● What you will do: When you restate the data, keep every word as it is and drop the images.

● Data below:

────────────────────

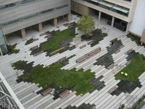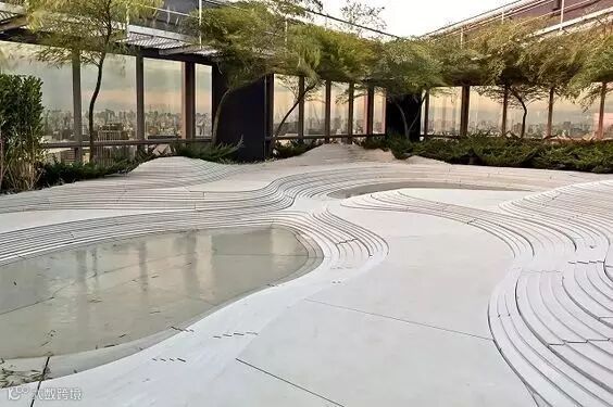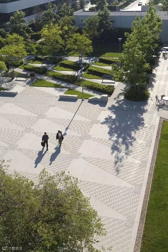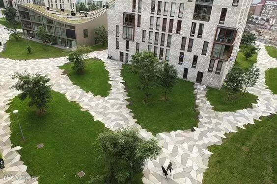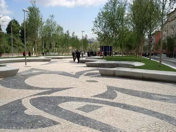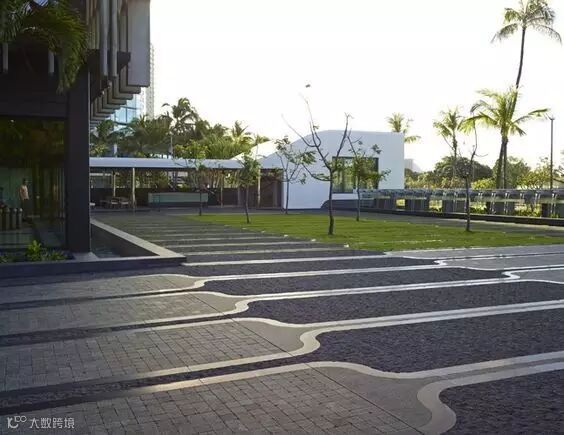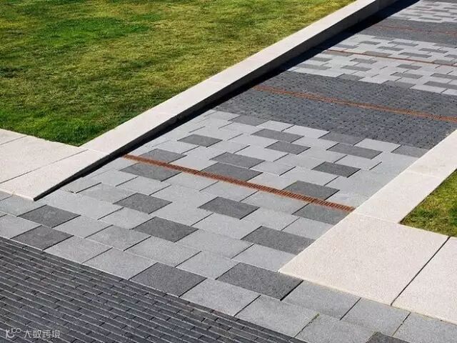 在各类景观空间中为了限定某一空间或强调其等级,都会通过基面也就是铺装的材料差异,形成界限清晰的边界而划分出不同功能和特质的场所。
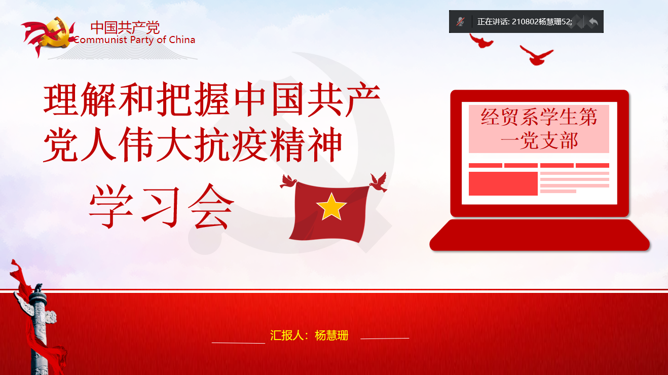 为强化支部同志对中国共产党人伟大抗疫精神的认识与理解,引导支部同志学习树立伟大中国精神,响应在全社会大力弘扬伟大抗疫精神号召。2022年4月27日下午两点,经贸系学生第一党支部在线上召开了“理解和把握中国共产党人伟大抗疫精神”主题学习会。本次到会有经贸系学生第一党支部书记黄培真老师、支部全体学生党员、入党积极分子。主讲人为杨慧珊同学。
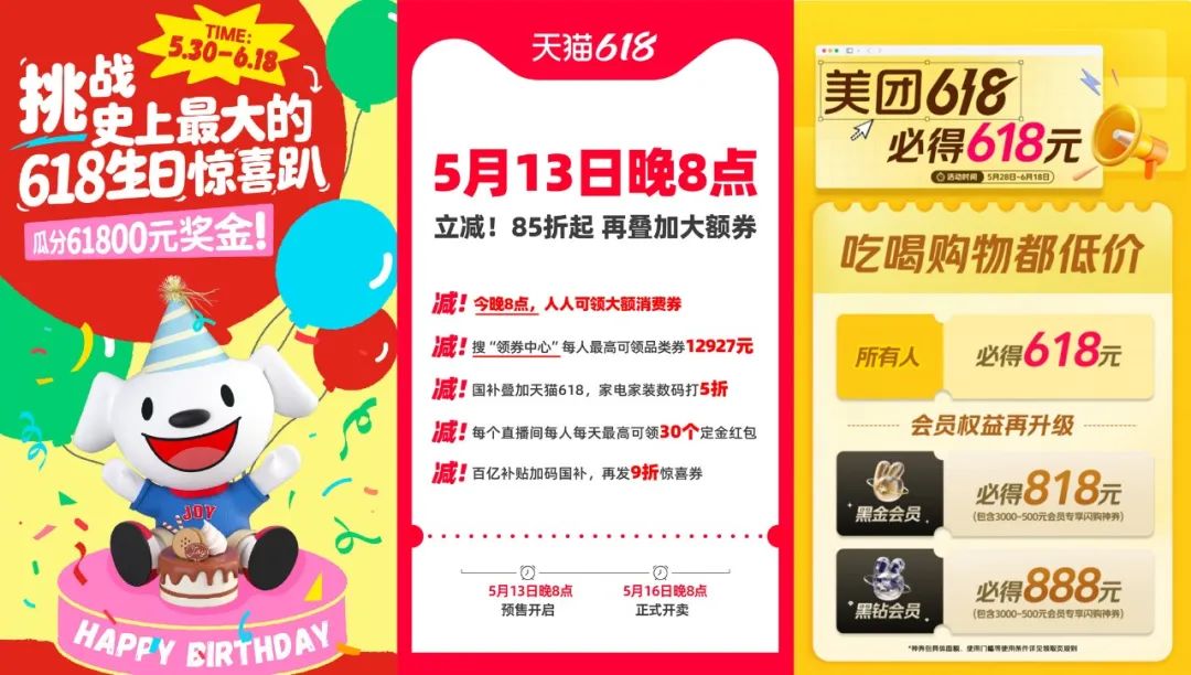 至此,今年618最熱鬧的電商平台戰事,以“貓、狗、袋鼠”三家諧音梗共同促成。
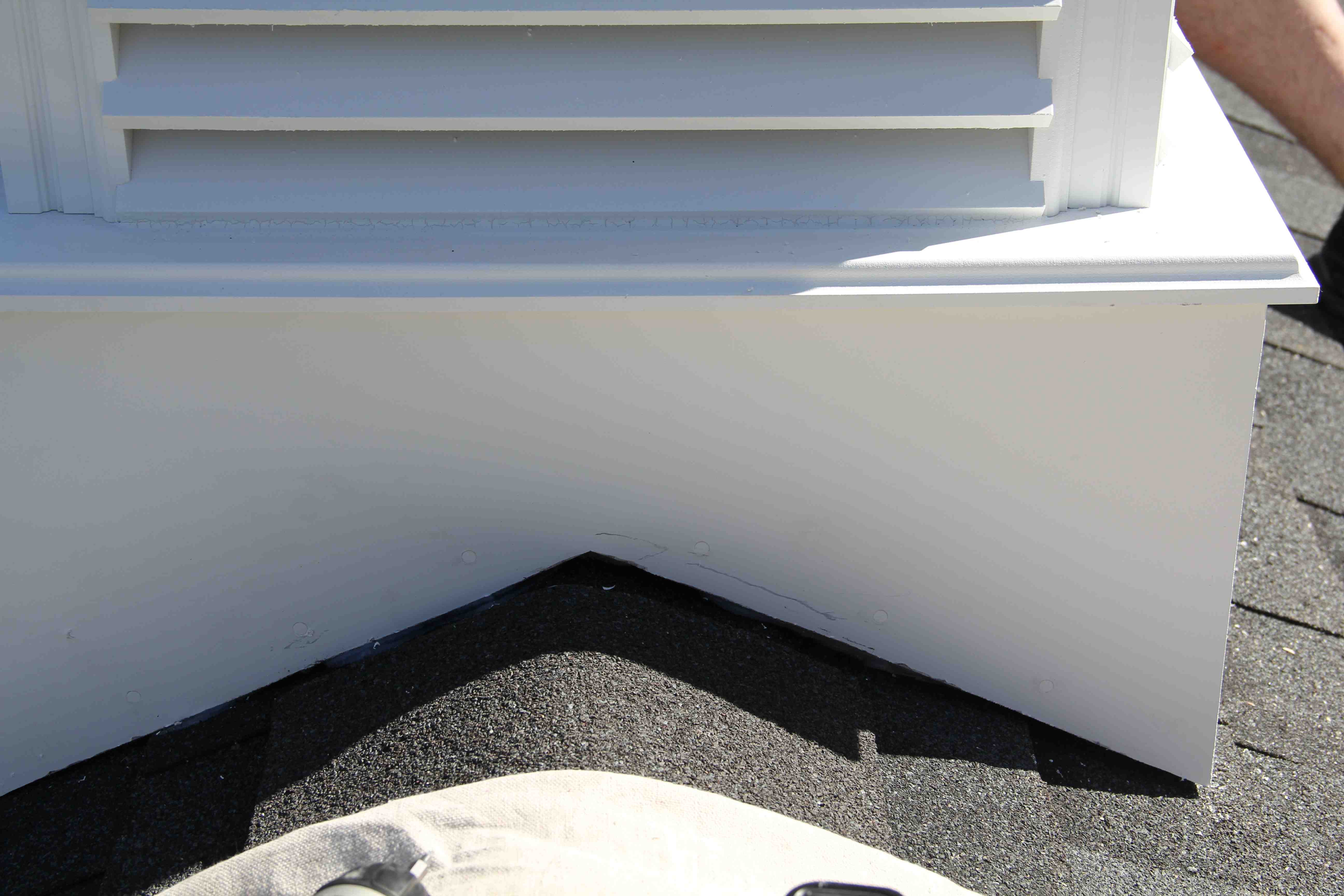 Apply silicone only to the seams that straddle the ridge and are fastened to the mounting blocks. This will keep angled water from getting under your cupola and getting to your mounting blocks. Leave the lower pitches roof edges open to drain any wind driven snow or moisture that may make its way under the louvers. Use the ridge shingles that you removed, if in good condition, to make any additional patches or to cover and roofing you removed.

────────────────────

● Your solution:
 在各类景观空间中为了限定某一空间或强调其等级,都会通过基面也就是铺装的材料差异,形成界限清晰的边界而划分出不同功能和特质的场所。
 为强化支部同志对中国共产党人伟大抗疫精神的认识与理解,引导支部同志学习树立伟大中国精神,响应在全社会大力弘扬伟大抗疫精神号召。2022年4月27日下午两点,经贸系学生第一党支部在线上召开了“理解和把握中国共产党人伟大抗疫精神”主题学习会。本次到会有经贸系学生第一党支部书记黄培真老师、支部全体学生党员、入党积极分子。主讲人为杨慧珊同学。
 至此,今年618最熱鬧的電商平台戰事,以“貓、狗、袋鼠”三家諧音梗共同促成。
 Apply silicone only to the seams that straddle the ridge and are fastened to the mounting blocks. This will keep angled water from getting under your cupola and getting to your mounting blocks. Leave the lower pitches roof edges open to drain any wind driven snow or moisture that may make its way under the louvers. Use the ridge shingles that you removed, if in good condition, to make any additional patches or to cover and roofing you removed.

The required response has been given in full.